### Goal of the exercise
I need an exact copy of the lines from the one containing "仕事内容 《 ここがポイント!" through the end of the records, without any pictures.

[Records from a data source]
---------------
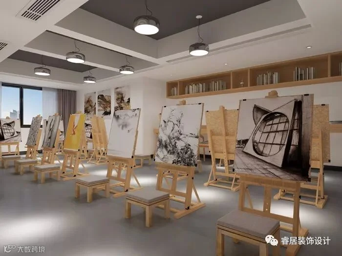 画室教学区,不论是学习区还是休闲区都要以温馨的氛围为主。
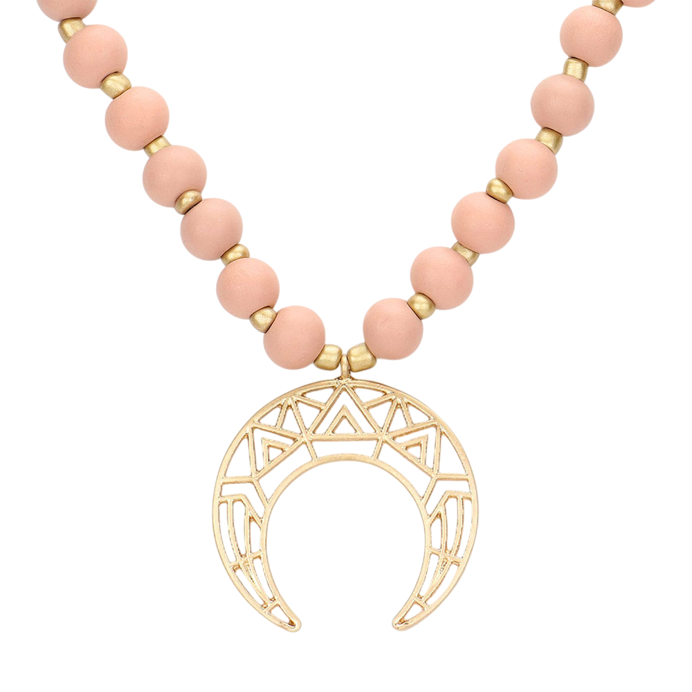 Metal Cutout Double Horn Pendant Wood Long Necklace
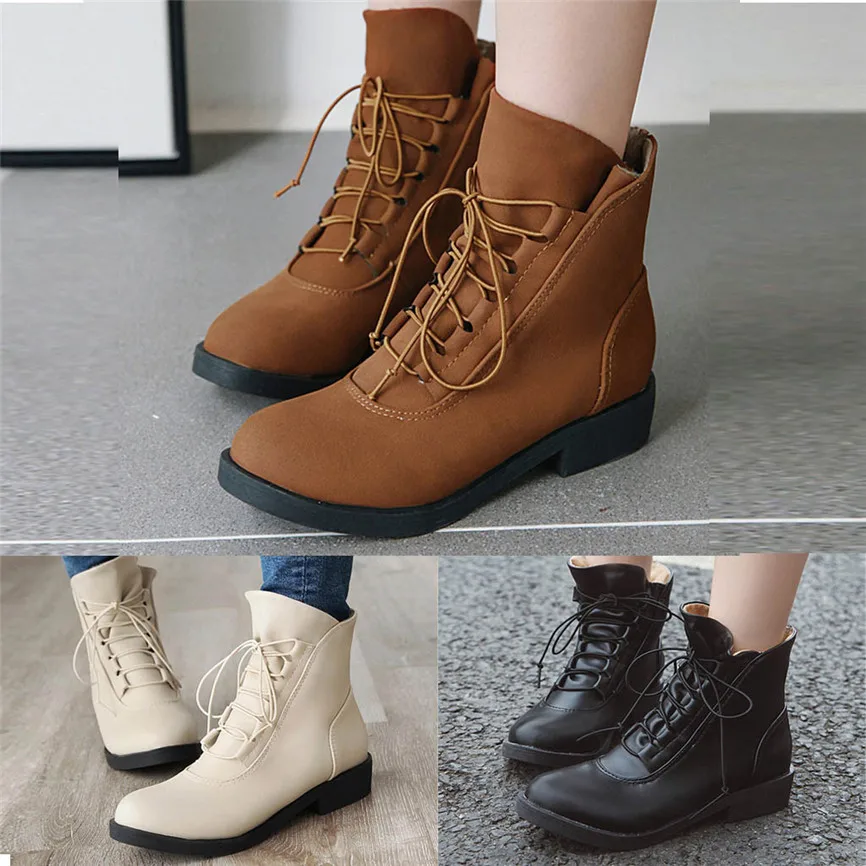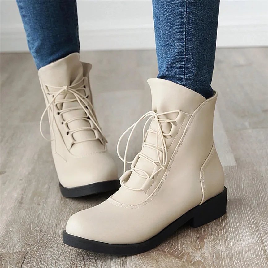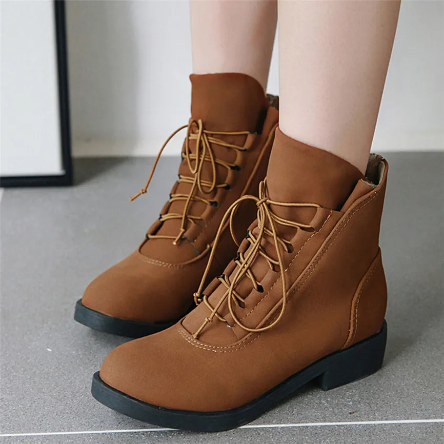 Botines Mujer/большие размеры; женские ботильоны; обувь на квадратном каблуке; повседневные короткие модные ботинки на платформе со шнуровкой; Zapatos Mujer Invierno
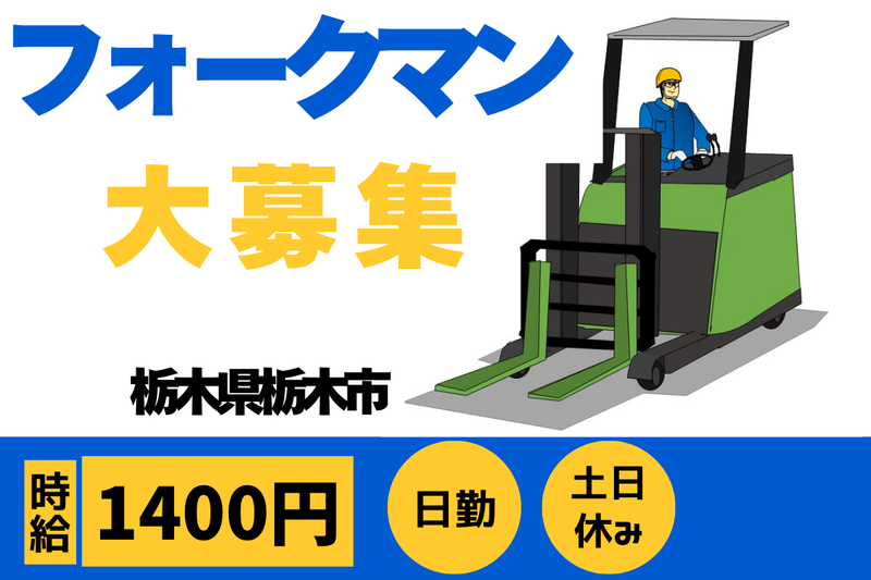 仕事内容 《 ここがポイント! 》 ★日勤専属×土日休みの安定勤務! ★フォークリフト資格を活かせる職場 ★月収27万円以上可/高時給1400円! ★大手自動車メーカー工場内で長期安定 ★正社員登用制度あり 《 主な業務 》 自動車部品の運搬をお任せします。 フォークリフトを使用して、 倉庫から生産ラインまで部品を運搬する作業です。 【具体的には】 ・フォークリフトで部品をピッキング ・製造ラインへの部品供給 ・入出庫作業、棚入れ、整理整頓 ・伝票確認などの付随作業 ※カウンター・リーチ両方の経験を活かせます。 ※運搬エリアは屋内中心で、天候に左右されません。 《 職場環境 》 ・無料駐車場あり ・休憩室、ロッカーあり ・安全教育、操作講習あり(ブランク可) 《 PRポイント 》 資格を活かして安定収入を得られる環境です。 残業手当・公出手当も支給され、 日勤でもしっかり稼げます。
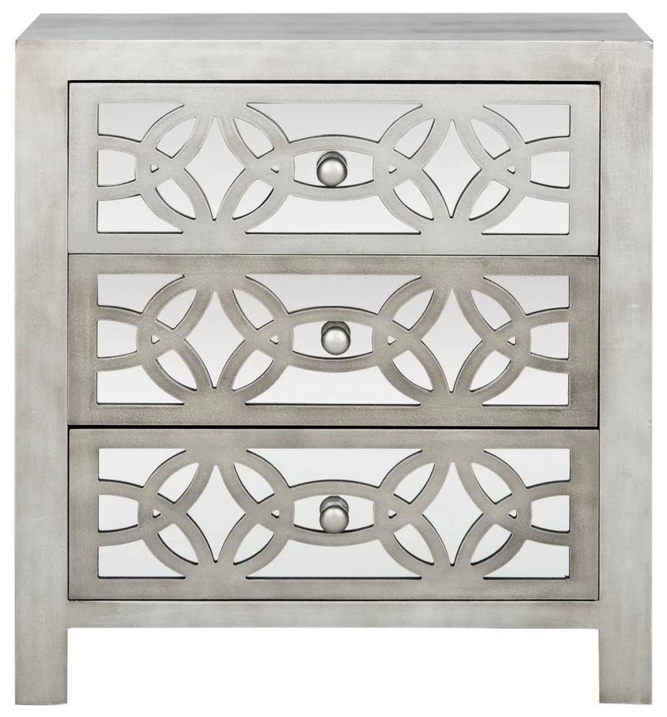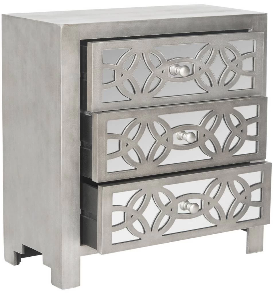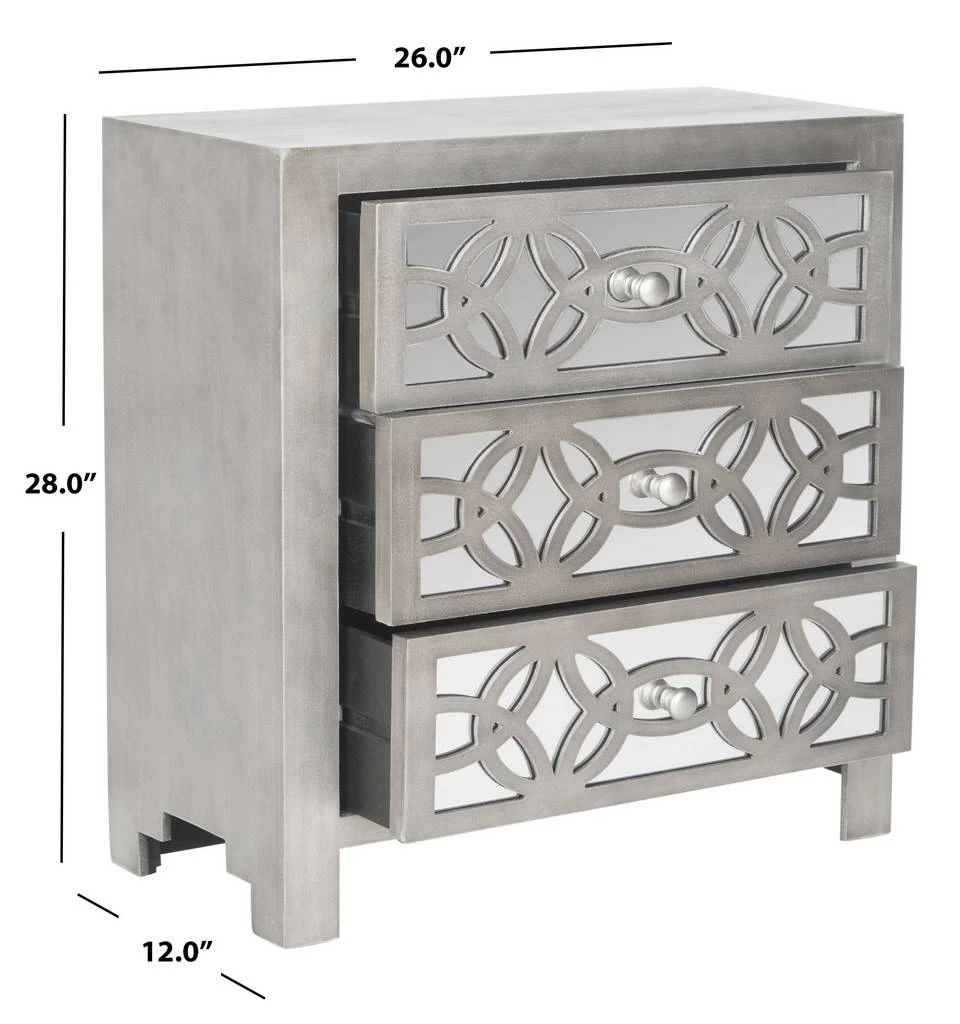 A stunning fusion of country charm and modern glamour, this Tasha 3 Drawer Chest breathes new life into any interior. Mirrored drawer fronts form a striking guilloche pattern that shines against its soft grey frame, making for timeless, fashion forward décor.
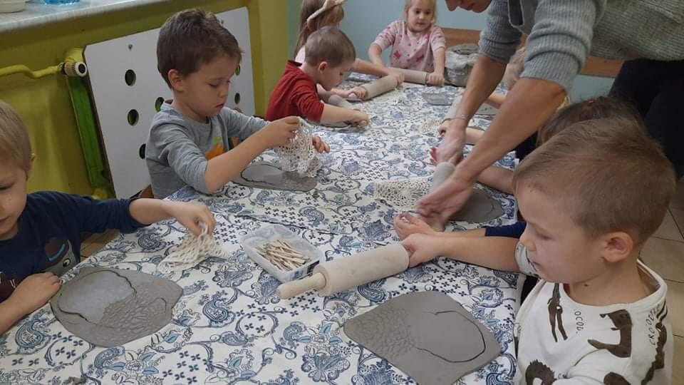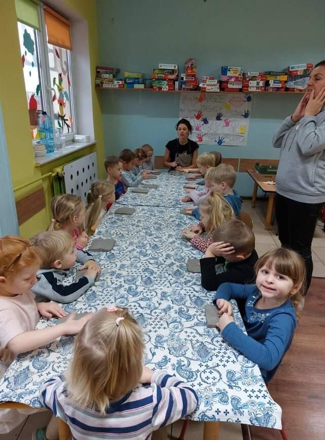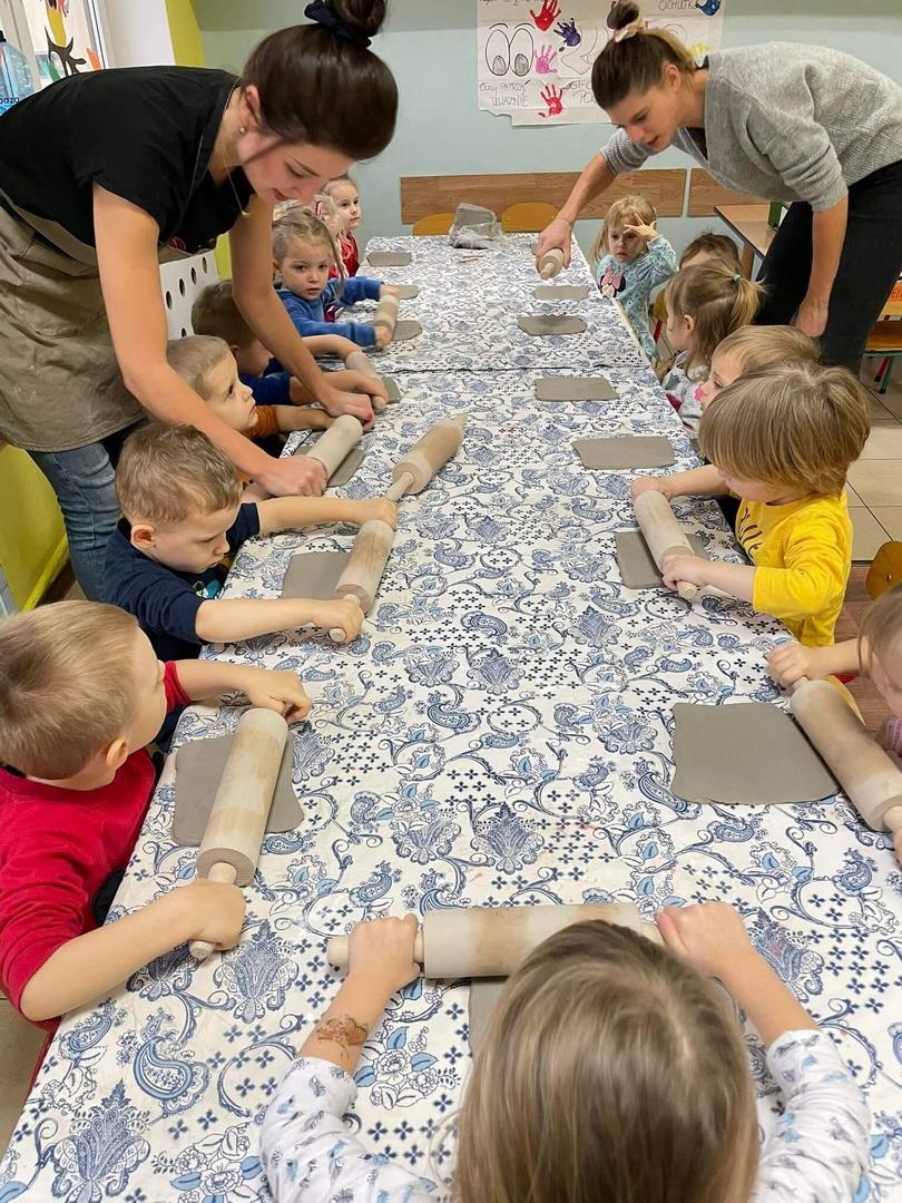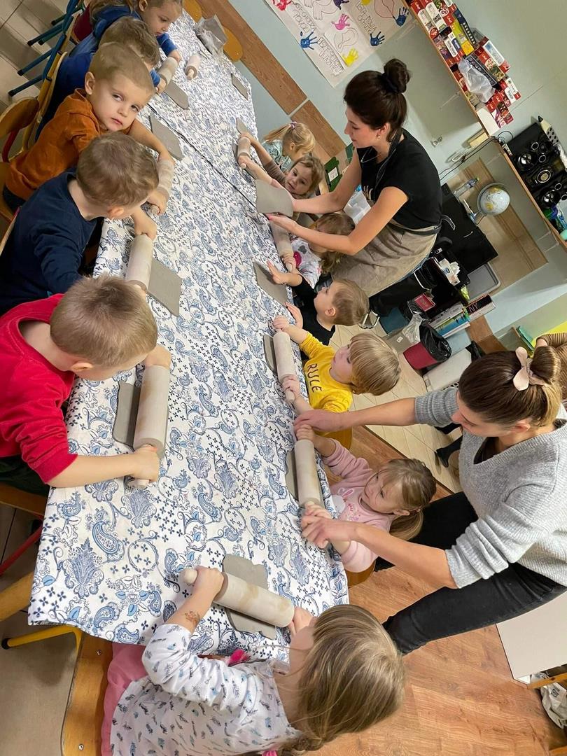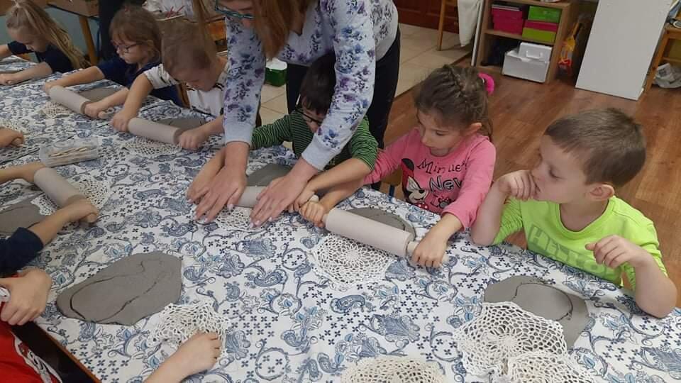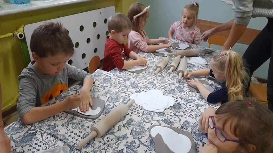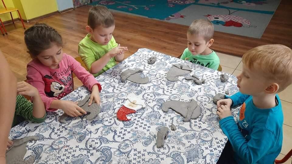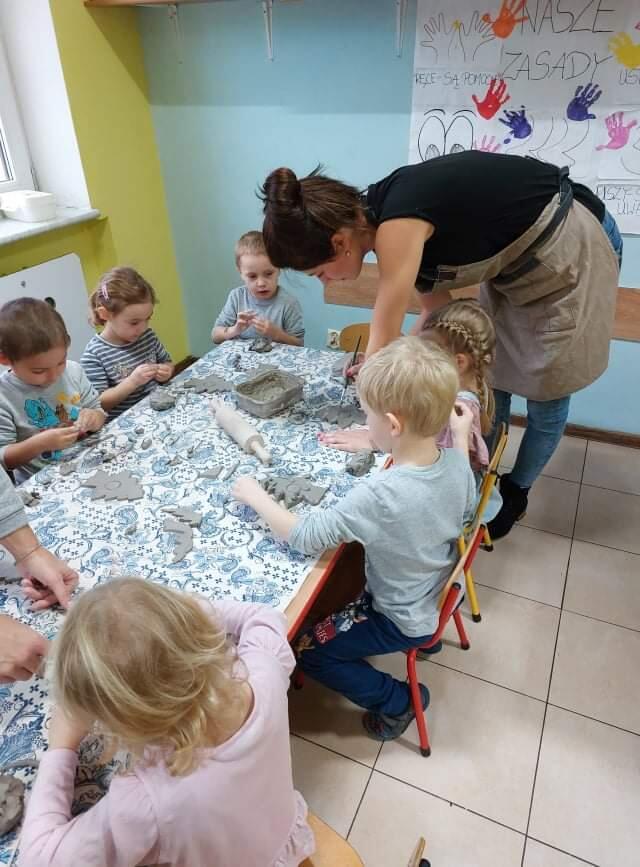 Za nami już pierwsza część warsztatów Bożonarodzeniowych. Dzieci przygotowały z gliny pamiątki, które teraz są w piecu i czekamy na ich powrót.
---------------
### Answer area
 仕事内容 《 ここがポイント! 》 ★日勤専属×土日休みの安定勤務! ★フォークリフト資格を活かせる職場 ★月収27万円以上可/高時給1400円! ★大手自動車メーカー工場内で長期安定 ★正社員登用制度あり 《 主な業務 》 自動車部品の運搬をお任せします。 フォークリフトを使用して、 倉庫から生産ラインまで部品を運搬する作業です。 【具体的には】 ・フォークリフトで部品をピッキング ・製造ラインへの部品供給 ・入出庫作業、棚入れ、整理整頓 ・伝票確認などの付随作業 ※カウンター・リーチ両方の経験を活かせます。 ※運搬エリアは屋内中心で、天候に左右されません。 《 職場環境 》 ・無料駐車場あり ・休憩室、ロッカーあり ・安全教育、操作講習あり(ブランク可) 《 PRポイント 》 資格を活かして安定収入を得られる環境です。 残業手当・公出手当も支給され、 日勤でもしっかり稼げます。
 A stunning fusion of country charm and modern glamour, this Tasha 3 Drawer Chest breathes new life into any interior. Mirrored drawer fronts form a striking guilloche pattern that shines against its soft grey frame, making for timeless, fashion forward décor.
 Za nami już pierwsza część warsztatów Bożonarodzeniowych. Dzieci przygotowały z gliny pamiątki, które teraz są w piecu i czekamy na ich powrót.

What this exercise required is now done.